My favorite spiritual activities:
Deep breathing.
What is your current spiritual mood?:
Weak
What's your spiritual type?:
Spiritual Dabbler - I'm open to spiritual matters but far from hooked.
About Me
I'm having a lot of trouble right now with anxiety and depression. I have been so cut off from everything and haven't had a religion I could really believe in since I was seven and thought I could see God'sface in the fluorescent lights of our Catholic church.
My mother died of cancer two years ago and I was diagnosed with anorexia a year after that, and after that I've been dealing with food obsession and BED, and most recently I find that I get scared of the future at night. I wish I could find something to call out to,or something to grab onto from within. I'm trying meditation right now, deep breathign exercises and such, but still I find that in the end I still feel very empty. I want to try and grasp onto some sort of support in the universe and know that I am all right.
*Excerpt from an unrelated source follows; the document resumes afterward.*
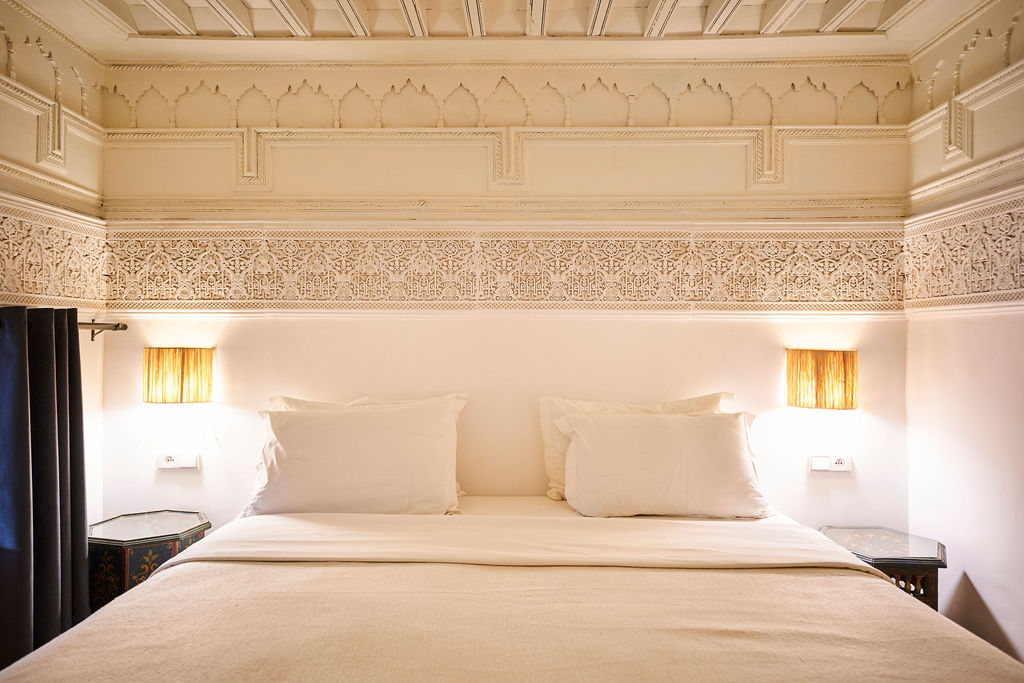 Découvrez un univers de luxe et de sérénité au cœur de la Médina de Marrakech. Nos deux suites spacieuses, la Suite Rafaele (60 m²) et la Suite Royale (75 m²), sont conçues pour un séjour d'exception. Idéales pour les familles ou les couples en quête de confort, elles peuvent accueillir respectivement jusqu'à 3 et 4 personnes. Chaque suite marie harmonieusement le style contemporain et le charme marocain traditionnel, créant une atmosphère chaleureuse et apaisante.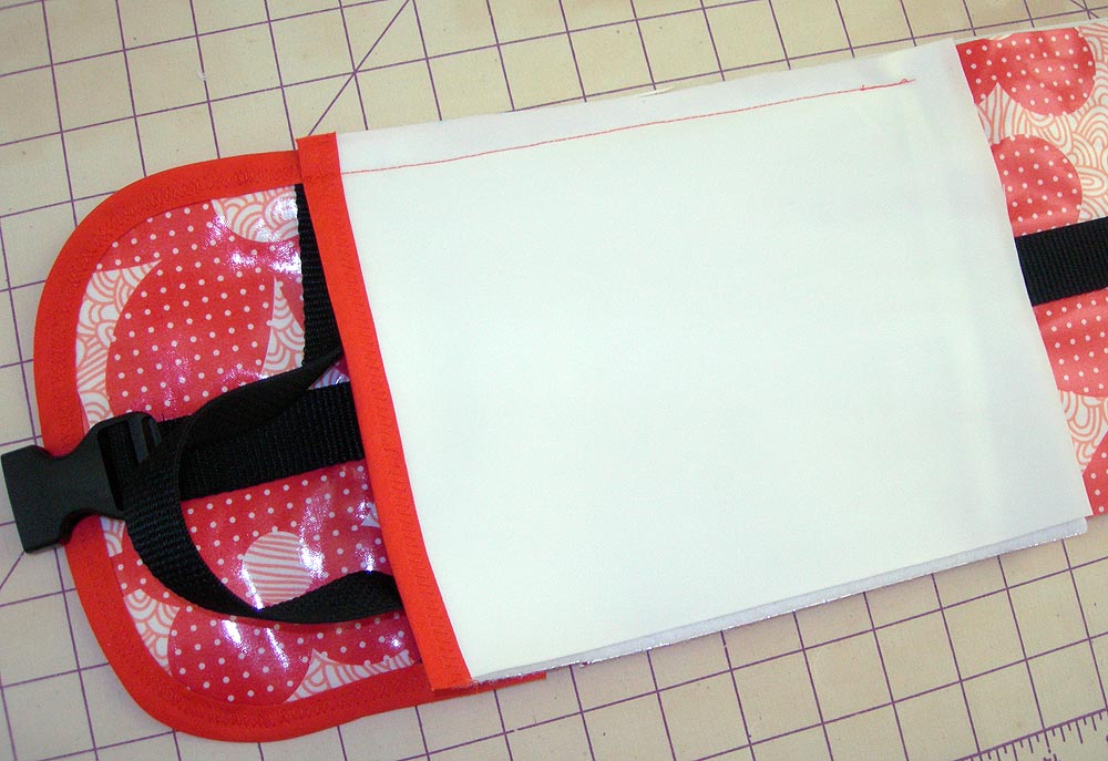 - Layer the three 7″ x 28″ body pieces on your work surface in the following order: the PUL wrong side up, the thermal fleece, and the laminated cotton right side up.

But I suppose so is everyone, and perhaps there really isn't anything to hold on to. But I've felt my mother's presence so many times that I know she is not truly gone. Existentialism is not quite my Truth, but neither is organized religion, as I don't believe any religion could ever truly answer the chain of WHY questions to their fullest extent, and really that is the purpose of an organized religion.
I've lost all interest in life but I'm not quite yet ready to die. My boyfriend, my relationships, my future... everything scares me and numbs me. I am scared of Nothing- because everything is nothing in the end.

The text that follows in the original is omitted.